Bawdsey Radar Trust

Visitors can enjoy a simulated hands-on experience of using early radar for detection, distance measurement and angle measurement with this new interactive exhibit.

Replicating Complex Radar Systems

In 1937, RAF Bawdsey became the first fully operational Radar station in the world, just eighteen months after it had first been established that approaching aircraft could be detected using transmitted radio waves. We’re delighted to have supported specialist heritage designers, PLB and the Trust on a new interactive exhibit which gives visitors a simulated hands-on experience of using early radar for detection, distance measurement and angle measurement.

The interactive exhibit replicates the original methods used in the Chain Home, the ring of coastal Early Warning radar stations built by the Royal Air Force before and during the Second World War to detect and track aircraft. The ‘Gonio’ interactive is faithful to the Chain Home method where equipment produces a pulse of energy and measures the time of flight from transmission to reception. The objective of the interactive is to enable visitors to understand the process used to determine the trajectory of aircraft. As well as the skill involved in producing accurate results. It replicates original complex early radar systems and simplifies the principles so that anyone can understand and have a go at using this radar system.
The activity takes place at a radar operator’s desk housed within the hugely atmospheric restored blast-proofed bunker where the visitor is first trained and then challenged to test their skills in determining the trajectory of aircraft using the Chain Home method.
“We had many very favourable comments on your kit, and I thank you very much for the effort you have put in, in making this one of the great attractions of the exhibition.

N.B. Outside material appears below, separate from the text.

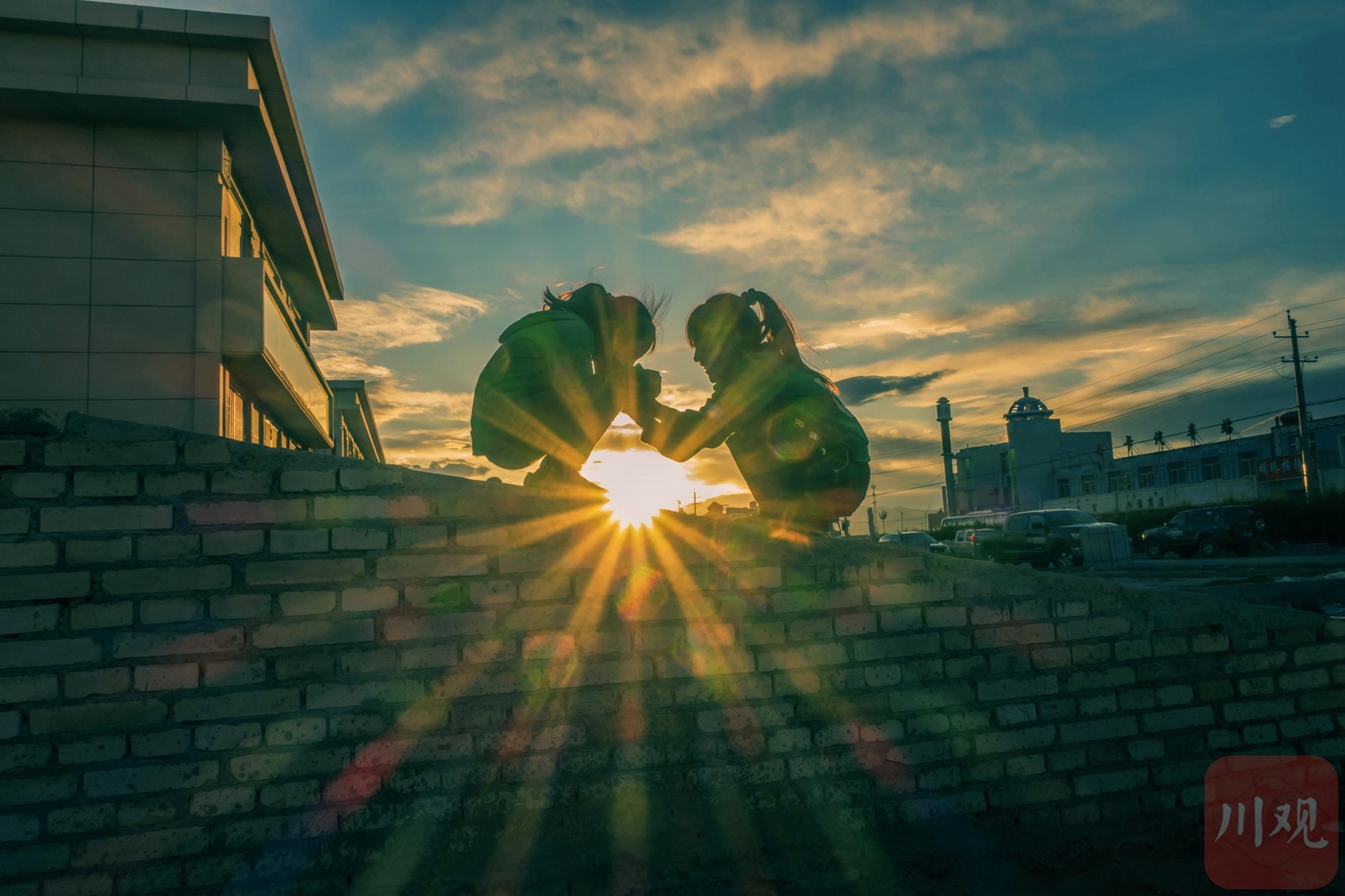 青海西宁街头,夕阳下,两个小女孩儿在墙头玩耍。

I know from past experience that people of all ages love to get their hands on stuff and that when they have, it is something which stays in their mind for a long time, as both an enjoyable and as a learning experience.”
Bawdsey Radar Trust

A Dramatic Reprisentation

The desk includes a bespoke physical interface created by Wide Sky Design, incorporating a goniometer dial – used to determine bearing; a range dial – used to determine distance; and a transfer button used to transfer data to an operations room. A portrait mounted touch screen recreates the original cathode ray tube display that would have been used, and also displays a diagrammatic representation of the effect in the real world of the visitor’s inputs.

The visitor can manipulate the range and angle dials in relation to a signal shown on-screen to determine the range and bearing of an aircraft over time and therefore discover its trajectory. These readings are then ‘transferred’ to a computer to enable a comparison of how the visitor’s readings match ‘true’ range and angle information, and therefore how successfully they determined the trajectory of the aircraft.

A Challenging Task

The interactive includes a number of challenge levels, allowing visitors to test their skills against increasing levels of difficulty including multiple simultaneous aircraft travelling in different trajectories demonstrating just how difficult an operators task was.

The interactive also incorporates audio SFX and soundscapes designed to immerse visitors in the dynamic environment of Bawdsey in its heyday, recreating the ‘buzz’ of multiple gonio operatives working together against the clock to transfer vital data to an operations room tracking and directing aircraft operations.